For 2011, you can make tax-deductible HSA contributions of up to $3,050 if you have qualifying self-only high-deductible health coverage or up to $6,150 if you have qualifying family high-deductible coverage. These are increased by $1,000 if you are age 55 or older as of year-end. There is no phaseout for higher incomes and you don't have to itemize to benefit.
However, you must have "qualifying high-deductible health policy (HDHP)" to be eligible. For 2011, a HDHP is one with a deductible of at least $1,200 for self-only coverage or $2,400 for family coverage.

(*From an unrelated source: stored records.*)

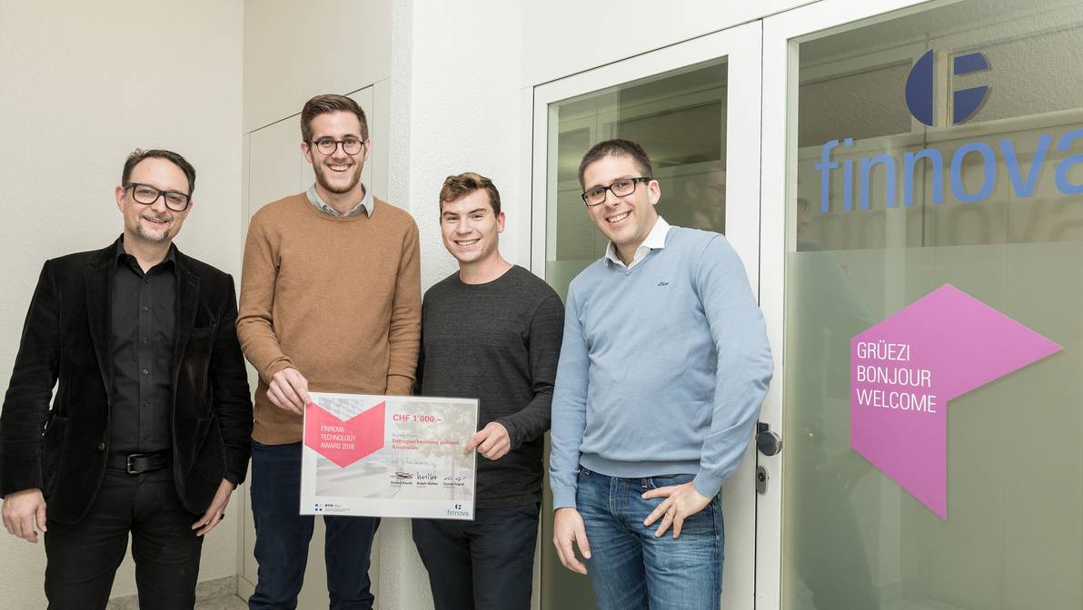 - Die glücklichen Preisträger des Finnova-Technology-Award 2018 mit zwei Jury-Mitgliedern (v.l.n.r.): Ralph Hutter (Head Product Management Digitalisation, Finnova AG), Luca Barletta, Daniel Gnägi, Corsin Capol (Dozent, HTW Chur).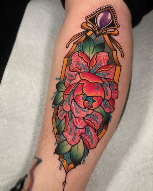 纹身小牡丹 黑色调却不失华贵的牡丹纹身图案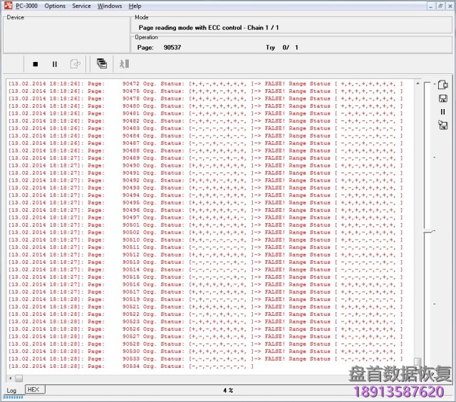 众所周知,东芝等公司生产的大多数现代TLC芯片都存在读取问题。 有时,在转储读取完成后,我们可以看到数据严重损坏了位错误,不幸的是,对于它们的纠正,ECC代码无效。 这种存储器芯片包含太多错误,并且ECC代码的功率不足以进行校正。 即使我们尝试使用读数来改进数据,很多页面仍然会被损坏而不是修复。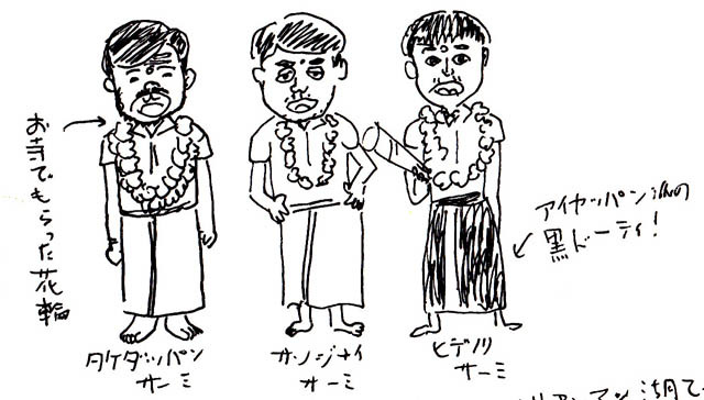 花輪、ドーティー、裸足、ヒゲの日本人3人!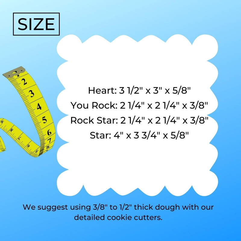 - SIZE - Heart: 3 1/2" x 3" x 5/8" You Rock Stamp: 2 1/4" x 2 1/4" x 3/8" Rock Star Stamp: 2 1/4" x 2 1/4" x 3/8" Star: 4" x 3 3/4" x 5/8"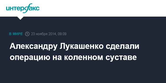 Москва. 23 ноября. INTERFAX.RU - Президенту Белоруссии Александру Лукашенко сделали операцию на коленном суставе, сообщила в эфире белорусского телеканала СТВ пресс-секретарь главы государства Наталья Эйсмонт.

The HSA earnings are allowed to build up federal income tax free and you can then take tax-free distributions to cover most out-of-pocket medical costs. However, if you can afford it it is better to leave the HSA balance untouched. That way, you can build up a substantial tax-free reserve for future medical expenses. Further, since you are in a HDHP, your premiums are typically lower, thus the cumulative tax and premium savings could add up to significant dollars!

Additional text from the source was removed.